Intellectual Property:

• Taletrectinib - Expected to expire from 2033 to 2042
• Safusidenib - Expected to expire from 2035 to 2041
• NUV-1511 - Expected to expire 2039 to 2043

Nuvation Bio's pipeline includes NUV-1511 a drug known as a DCC (drug-drug conjugate), which is in a phase 1/2 being tested for patients with advanced solid tumors in five separate indications here NUV-1511. This large study will include 466 patients to conclude in early 2027. The company expects more details forthcoming. Weekly chart below of Nuvation, thank you for reading. 

Axsome 2nd Quarter Financial Results ($103.59)

Axsome Therapeutics is getting closer to becoming a profitable company, on a cash and earnings per share basis.  An impressive 2nd quarter, with highlights below. 

• On target to file a supplemental NDA for Alzheimer's Agitation 3rd quarter
• 150 million in second quarter revenue
• 303 million in cash

Chart below of Axsome Therapeutics, with corrections that the stock has endured the last few years. The average correction falls in the range of around 30%. Thank you for reading.

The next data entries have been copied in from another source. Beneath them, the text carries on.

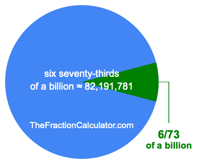 Therefore, 6/73 of a billion is the quotient of one billion divided by 73, multiplied by 6. Here is the math and the answer:
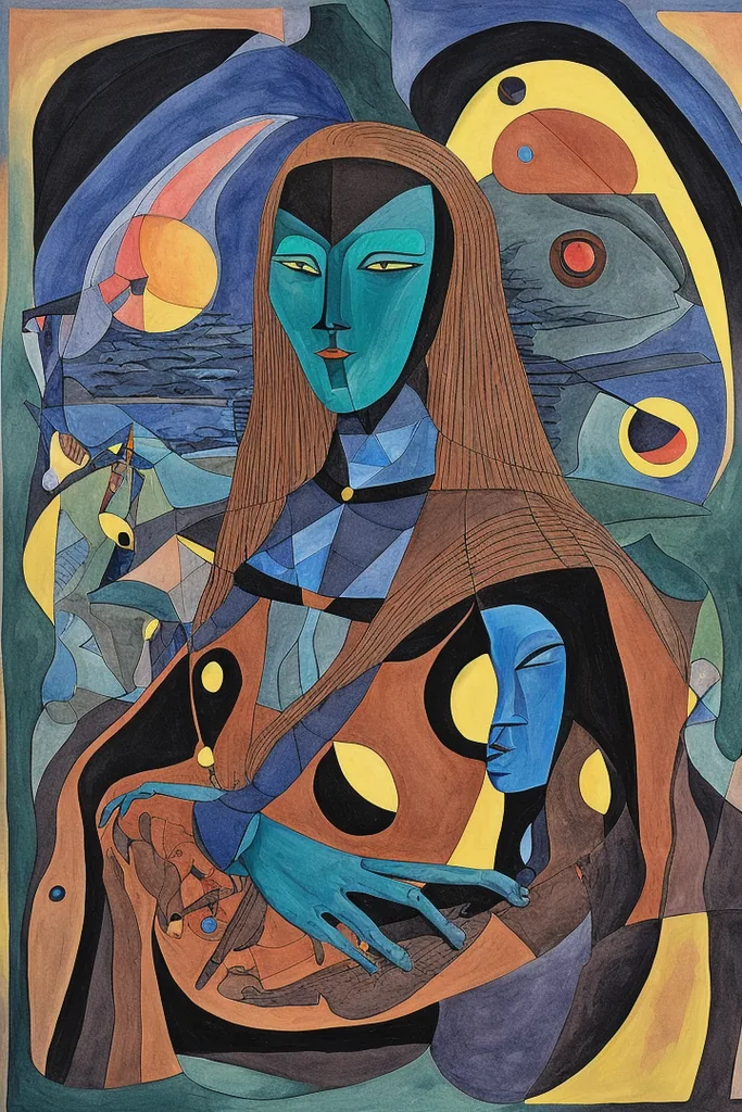 “xul solar,no humans,woman,surreal,abstract,geometric,gouache,”
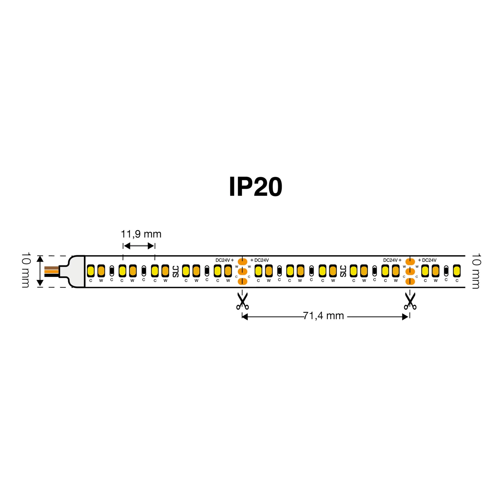 Denne LED strip har en justerbar farvetemperatur fra 2.700 til 6.500 K og er også dæmpbar, så lyset kan tilpasses perfekt til stedet og den pågældende situation. Med 168 LED’er pr. meter opnås en homogen lyslinje. Strimlen kan skæres til den ønskede længde før montering. For at opnå tilstrækkelig køling anbefales det at installere den i en profil.

Auvelity Prescription Update - 2nd Quarter

Axsome Therapeutic's drug, Auvelity was approved for depression in 2022, and completed it's first full year of commercialization in 2023. The chart below is quarterly prescription data derived from a couple different sources, Bloomberg and IQVIA. The numbers are climbing from quarter to quarter, which is positive. The second quarter of 2025 numbers have not been released yet, so a rough estimate has been created based on data tracking. See chart below of prescription data. Axsome reports second quarter results on August 4th.

CYBN: Cybin ($7.94)

Cybin is in late stage psychedelic-based development, with drug CYB003 for depression. We wrote about psychedelic drug emergence last year, Psychedelic-Based Therapeutics. The drug was granted FDA Breakthrough Therapy Designation, after they completed phase 2 testing.

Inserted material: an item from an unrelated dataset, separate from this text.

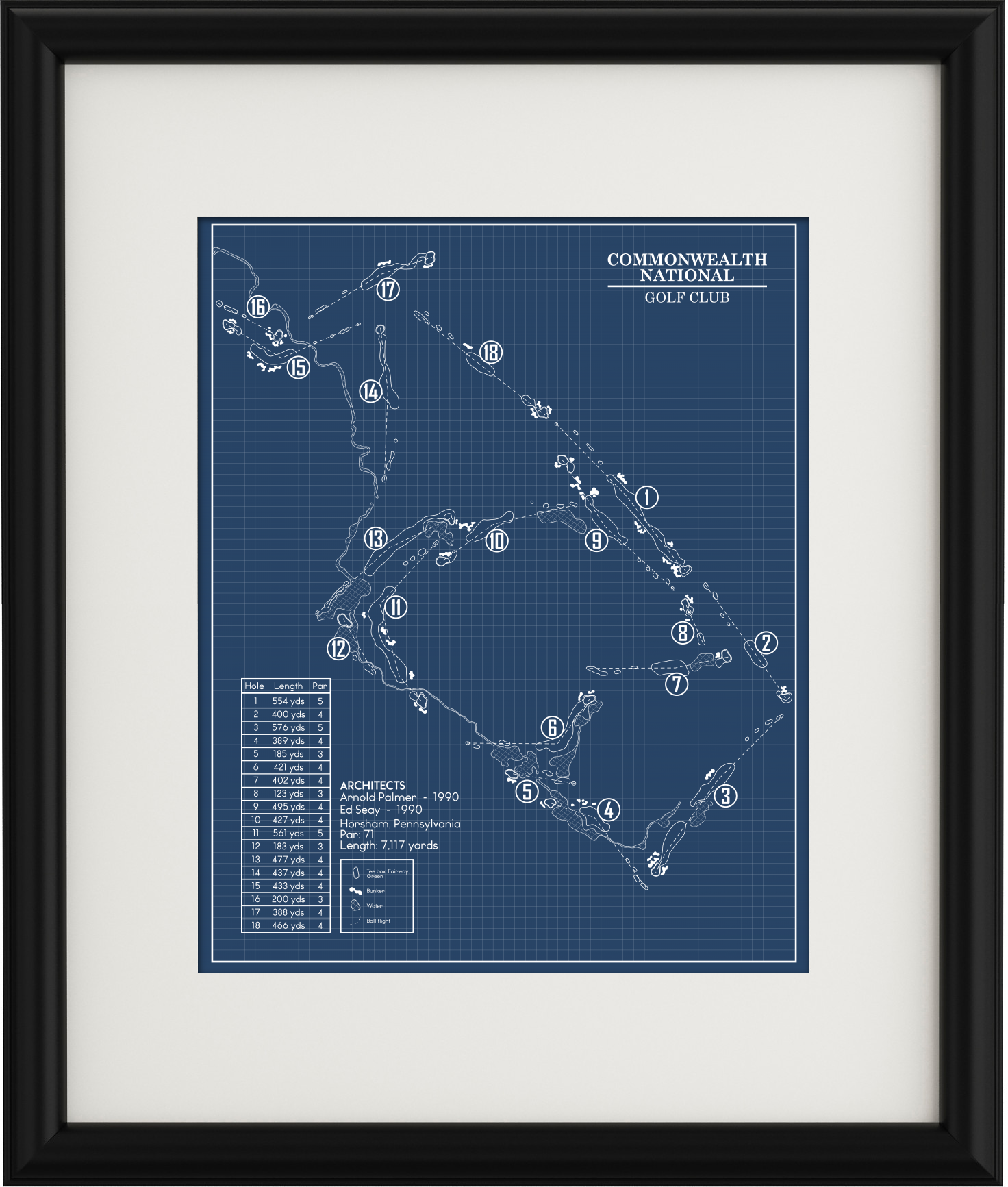 This Golf Course Blueprint is of Commonwealth National Golf Club in Horsham, Pennsylvania. Included elements of the design are the water and bunker hazards, course length from the tips, and architects.
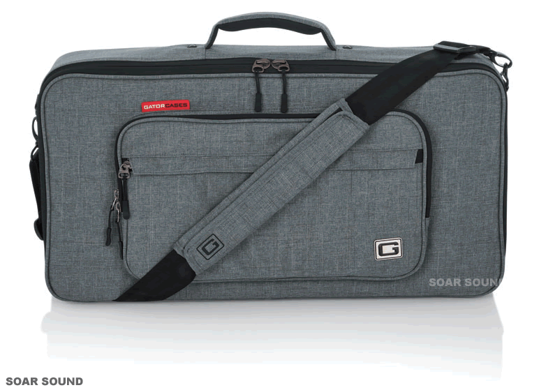 GT-2412-GRY はエフェクトボード、エフェクター収納用バッグです。内寸610×305×114mm までのエフェクトボード、エフェクターを収納可能ケーブル等の小物の収納に最適なポケットを表と裏側に装備地面に接地する底面部をブラックのラバーで保護握りやすさを考えたパッド入りのハンドル取り外し可能なショルダーストラップ

Current developments: The company raised $50 million US Dollars with a financing agreement with High Trail Special Situations on June 30th. With this current financing completed, their financial situation for ongoing clinical development is estimated to be.

Financial Statistics:

- US $120 million of cash on hand (approximation)

- Debt - minimal

- 23 million shares outstanding

- 182 million market cap

- 50 million convertible debt

Intellectual Property: 

- CYB003 Expected to expire in 2041

- CYB004 Expected to expire in 2041

Cybin is a high risk investment at this time, as they have zero commercial assets, and are in late stage clinical development with lead drug CYB003 with results expected in 2026. Thank you for reading. 

NUVB: Nuvation Bio ($2.20) - Update #2

Today, Nuvation Bio's lead drug candidate Taletrectinib was approved for ROS1-Positive Non- Small Cell Lung Cancer. This is good news for cancer patients, good for the company and investors alike. The full press release from Nuvation Bio is here FDA Approval Press Release.  The newly commercialized product name, will be Ibtrozi. Thank you for reading.